The following figure illustrates the names and structures
for the tables in which identity information is stored during batch
processing:
Here are some key points
about the tables:
-
You don't have to use all of the
tables. For example, if you are not going to store e-mail addresses,
you don't need an email table.
-
For each table that you do use,
all columns must be present. However, you don't have to include data
in every column. In the figure, the required columns for the primary
objects are indicated with a star.
Note: Each user should have a login
that includes a qualified user ID.
-
The keyids in the person table
(users), idgrps table (groups and roles), and authdomain table (authentication
domains) tie each of those primary objects to its related information.
In the metadata, the keyid value is stored as an external identity.
For each keyid column, use a fixed, enterprise-wide identifier such
as these:
-
In the person table, consider using
employee identification numbers.
-
In the idgrps table, consider using
group names (or LDAP Distinguished Names).
-
In the authdomain table, consider
using authentication domain names.
-
All of the relationships between
a primary object and its related data are zero-or-more relationships.
For example, you can store no phone numbers, one phone number, or
multiple phone numbers for each user.
-
We recommend that you avoid using
spaces or special characters in the name of a user, group, or role.
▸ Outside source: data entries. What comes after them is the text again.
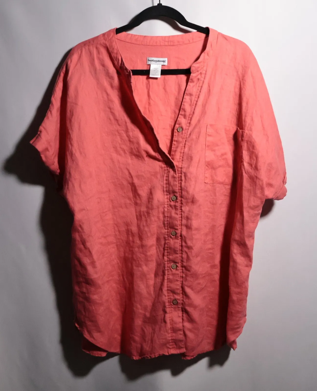 Measurements: • Chest across: 25.5 inches • Length: 28.5 inches Keywords: FeelGoodstore shirt, XL linen top, women's coral blouse, short sleeve linen shirt, button up linen top, breathable linen shirt, summer linen blouse, casual linen shirt, plus size linen, oversized linen shirt, resort wear, casual Please see photos for details. Offers welcome!
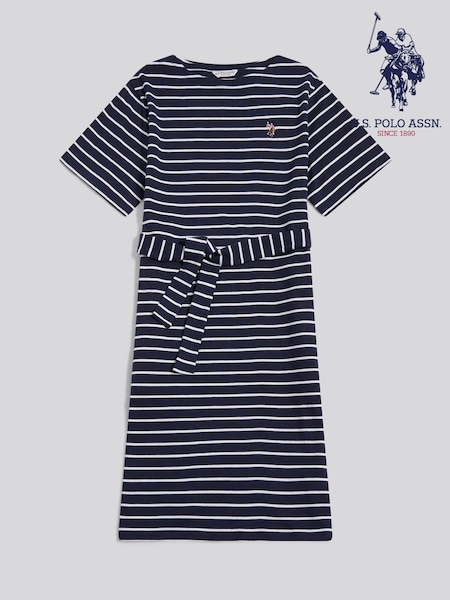 U.S. Polo Assn. Blue Stripe Belted Boat Neck Midi Dress
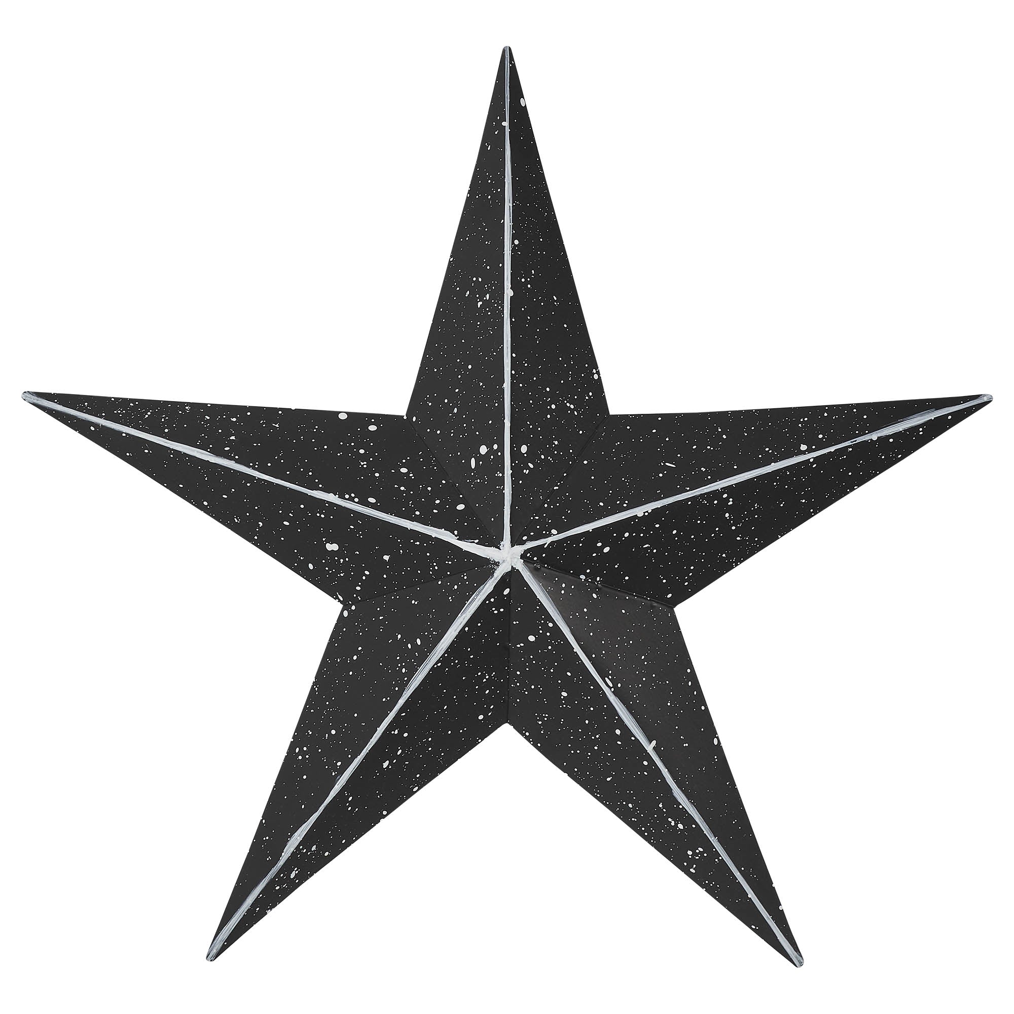 A decorative wall hanging featuring a faceted five-point star crafted from durable metal, finished in a charcoal black colour with a speckled finish. A convenient hanging clip on the back ensures easy placement, making it the perfect accent piece everyday farmhouse-inspired decor.
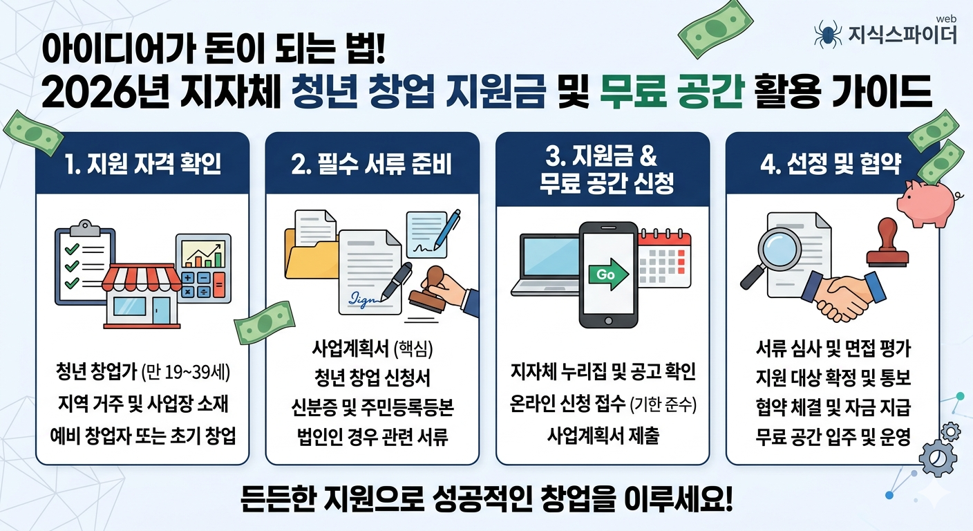 오늘 정리해 드린 2026년 지자체별 청년 창업 지원 정보가 여러분의 시작에 든든한 등대가 되길 바랍니다. 평택에서, 그리고 전국 각지에서 자신의 꿈을 일구어가는 청년 창업자 여러분을 지식스파이더가 진심으로 응원합니다. 구체적인 신청 방법이나 서류 작성이 막막하시다면 댓글 남겨주세요. 제가 경험한 팁들을 아낌없이 나누어 드릴게요!
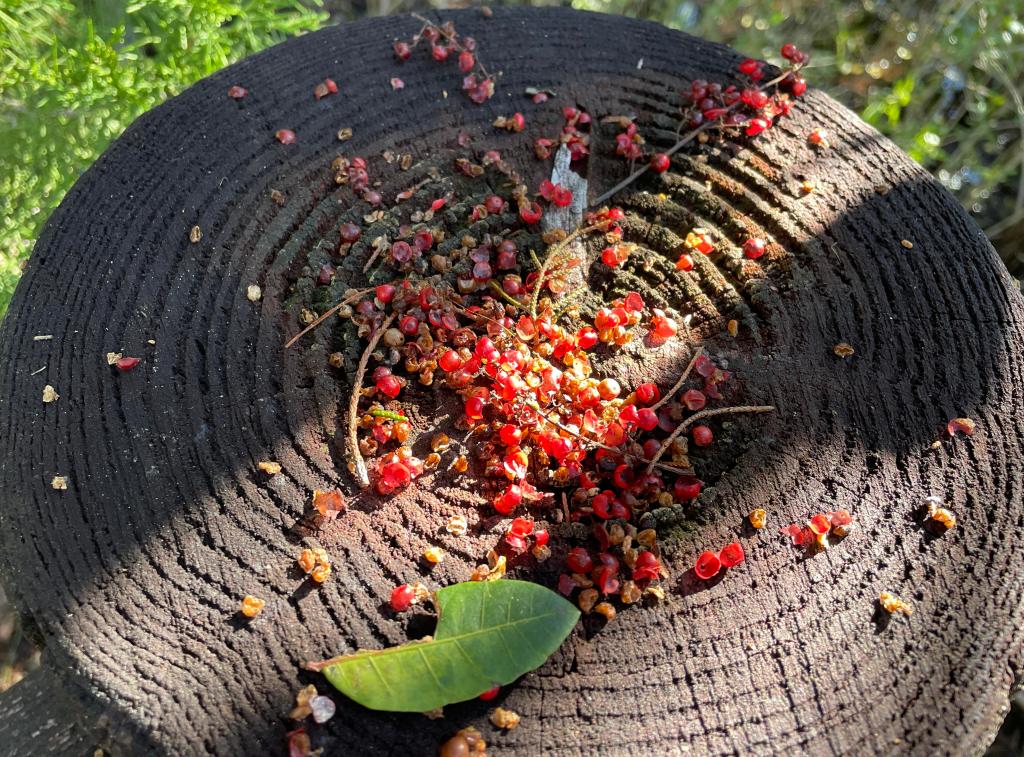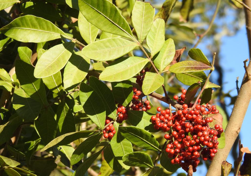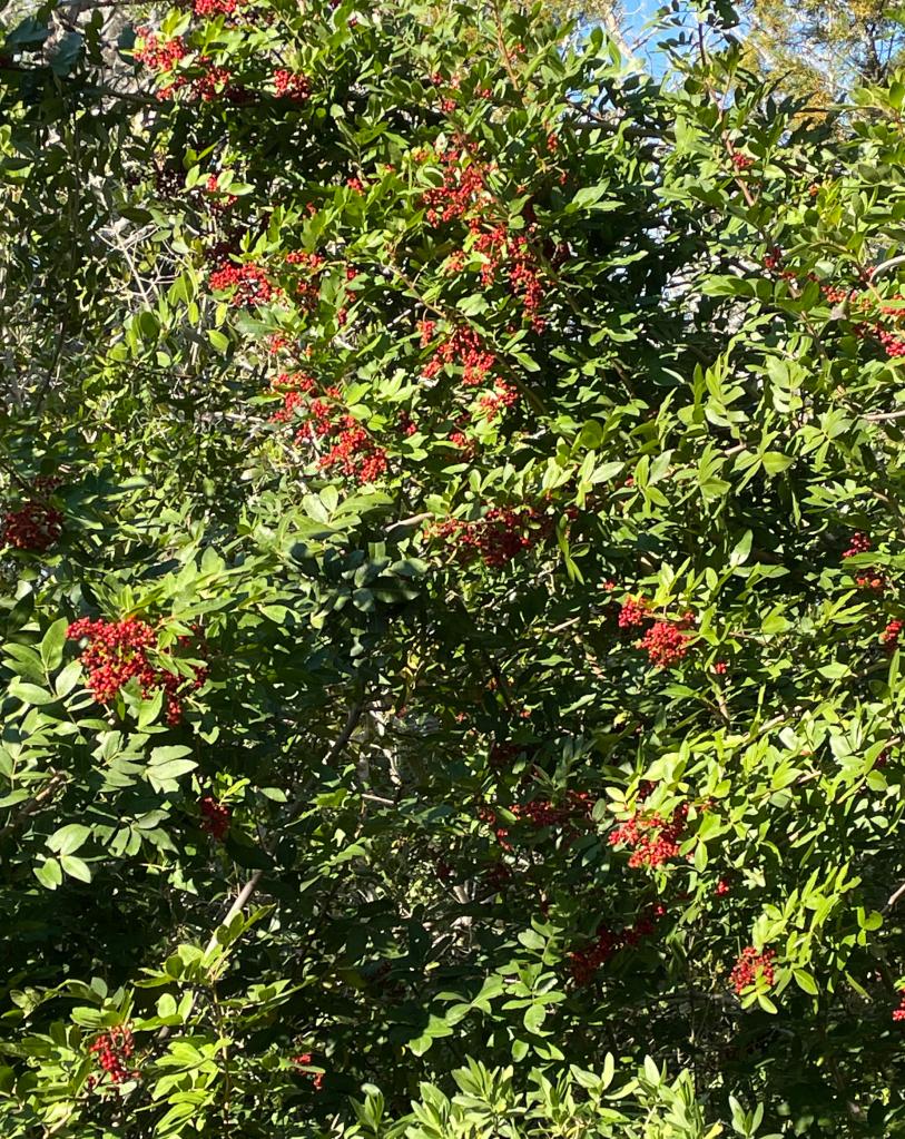 The “pretty” berries are from Brazilian pepper, a weedy invasive species that has taken over every trail that we have hiked. Animals like the fruits and distribute the seeds.

Not all components support spaces and special characters in identity
names.
The following figure
depicts data for a user named Tara O'Toole. The ovals indicate personal
data for Tara. The check marks indicate data that is indirectly related
to Tara (through her group memberships).
In the figure, notice
these things:
-
In the person table, the employee
number is used as the keyid. The name column uses user IDs (that column
also requires unique values). The displayName column contains a common
name for each user.
-
In the grpmems table (group memberships),
Tara is a direct member of the ETL group. Tara is an indirect member
of the Developers group, because that group has the ETL group as one
of its members. Tara also has a third-level membership in the ReportConsumers
group.
-
In the idgrps table, the group
name serves as the keyid. This choice is appropriate because the metadata
server enforces uniqueness across all group and role names.
-
In the idgrps table, the grpType
column is empty. This indicates that the entries in this table are
all groups. To create a role in the metadata, provide a grpType value
of
ROLE
.
-
In the email table, Tara has two
e-mail addresses and each one has a different type.
-
In the logins table, Tara has personal
logins in two different authentication domains. Tara can also use
the ETL group's login (for DB2Auth), because Tara is a member of the
ETL group.
-
In the authdomain table, the authentication
domain name serves as the keyid. This is appropriate because the metadata
server enforces uniqueness across all authentication domain names.